NEW YORK – AOL Time Warner Inc. (AOL), the world's largest Internet and media company, on Wednesday posted a $54.2 billion net loss, the largest ever U.S. quarterly net loss, after taking a whopping charge for accounting changes.
The Internet and media giant, home to CNN, People magazine and television shows like The Sopranos, also reined in its 2002 cash flow growth forecast, citing the slow online advertising market.
The results, while hit hard by a slowdown in its AOL Internet unit, were encouraging to some who have been bracing for the worst. Salomon Smith Barney analyst Lanny Baker said the company's acknowledgment of sluggish conditions was a bit of a relief.
The company posted a first quarter net loss of $54.2 billion, or $12.25 a basic share, compared with a net loss of $1.37 billion, or 31 cents a share, a year earlier.
"It is certainly the biggest [loss] in the U.S. in recent memory," said Marc Gerstein at research firm Multex.
The first quarter included a previously announced $54 billion charge, the largest in corporate history, to write off goodwill in line with accounting changes to reflect the sharp decline in the value of its $106.2 billion purchase of Time Warner in 2000.

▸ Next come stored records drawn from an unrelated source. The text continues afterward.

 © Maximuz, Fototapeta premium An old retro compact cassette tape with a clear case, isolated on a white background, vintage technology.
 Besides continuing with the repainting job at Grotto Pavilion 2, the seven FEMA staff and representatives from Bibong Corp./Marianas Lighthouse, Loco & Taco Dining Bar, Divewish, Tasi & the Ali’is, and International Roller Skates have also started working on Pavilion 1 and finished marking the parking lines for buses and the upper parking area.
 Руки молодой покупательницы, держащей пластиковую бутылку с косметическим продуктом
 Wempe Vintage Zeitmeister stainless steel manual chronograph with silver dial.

Shares of AOL Time Warner were trading at $19.95 in after hours trading on Instinet, up 3.4 percent, or 65 cents from Wednesday's close on the New York Stock Exchange. The shares had traded up 1 percent ahead of the results on the NYSE.
AOL Time Warner said EBITDA rose 3 percent to $2.05 billion in the first quarter. Revenue grew 4 percent to $9.8 billion with strength in its cable systems and film business, which had recent hits including Lord of the Rings, offset by weakness in its AOL Internet and music businesses.

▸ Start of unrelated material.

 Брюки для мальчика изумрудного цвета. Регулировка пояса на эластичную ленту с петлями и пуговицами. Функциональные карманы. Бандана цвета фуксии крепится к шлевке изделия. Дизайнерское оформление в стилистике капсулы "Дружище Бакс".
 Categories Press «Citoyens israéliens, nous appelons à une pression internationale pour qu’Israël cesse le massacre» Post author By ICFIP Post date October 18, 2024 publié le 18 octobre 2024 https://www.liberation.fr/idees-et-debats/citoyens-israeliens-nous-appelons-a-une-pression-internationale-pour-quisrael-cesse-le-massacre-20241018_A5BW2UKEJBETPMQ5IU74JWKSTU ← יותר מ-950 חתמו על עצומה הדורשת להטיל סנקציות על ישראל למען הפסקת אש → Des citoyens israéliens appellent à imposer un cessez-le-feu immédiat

"Overall they hit the numbers. But on the EBITDA line, they were a little below expectations on America Online, Time Warner Cable, and their television networks," said Kaufman Bros. analyst Paul Kim.
AOL Time Warner said in a statement that its cash earnings, excluding amortization of goodwill and charges, rose to 18 cents a share from 16 cents a share a year-earlier.
Year-ago results were reported on a pro forma basis to assume that the acquisitions of AOL Europe UK publishing company IPC and the adoption of new accounting standards on goodwill had occurred on Jan. 1, 2001.
Wall Street analysts, on average, had expected the company to post cash earnings of 14 cents a share and revenue of $9.44 billion, according to Thomson Financial/First Call.
The company said EBITDA at its AOL Internet unit fell nearly 15 percent to $433 million from $507 million a year-earlier.
Wall Street has been eager to see how the unit is performing amid concerns about a slowdown in subscriber growth as AOL tries to maintain its dial-up business while moving into the high-speed access arena — seen as the key to future growth.
Shares of AOL Time Warner have fallen 70 percent since the deal to buy Time Warner, reflecting the radical changes in the marketplace since the deal was agreed in January 2000. At that time investors had worried that Time Warner's "old media" businesses of music, film, publishing and television would drag down the growth of hypercharged AOL.
Now, AOL's slowing subscriber growth and sluggish advertising has caused many to question the benefits of the largest U.S. merger.
Outlook Hurt by Ad Climate
But Richard Parsons, who is slated to replace Chief Executive Gerald Levin next month, said on Wednesday improvements are seen ahead.
"We are not being Pollyana-ish here or suggesting that we see the sun peaking over the horizon," said Parsons. "But ... we do see the light at the end of the tunnel."
The company reiterated its projection that overall revenue would grow between 5 percent and 8 percent but cut its cash flow guidance due to softness at the Internet unit amid lower ad and commerce revenues.
The company said it now sees 2002 cash flow growth in a range of 5 percent to 9 percent, down from a prior range of 8 percent to 12 percent.
For the second quarter, AOL Time Warner said it expects revenue growth in the mid-single digits and cash flow to be flat when compared with the same period in 2001.
The bad news lies in its AOL Internet unit. Parsons said he expected 2002 advertising and commerce revenues of $1.8 billion to $2.2 billion from $2.7 billion a year-earlier. The online unit's EBITDA would likely fall to $1.8 billion to $2.2 billion from $2.3 billion a year-earlier.
AOL shares closed up 19 cents, or 1 percent, at $19.30 on the New York Stock Exchange ahead of the results.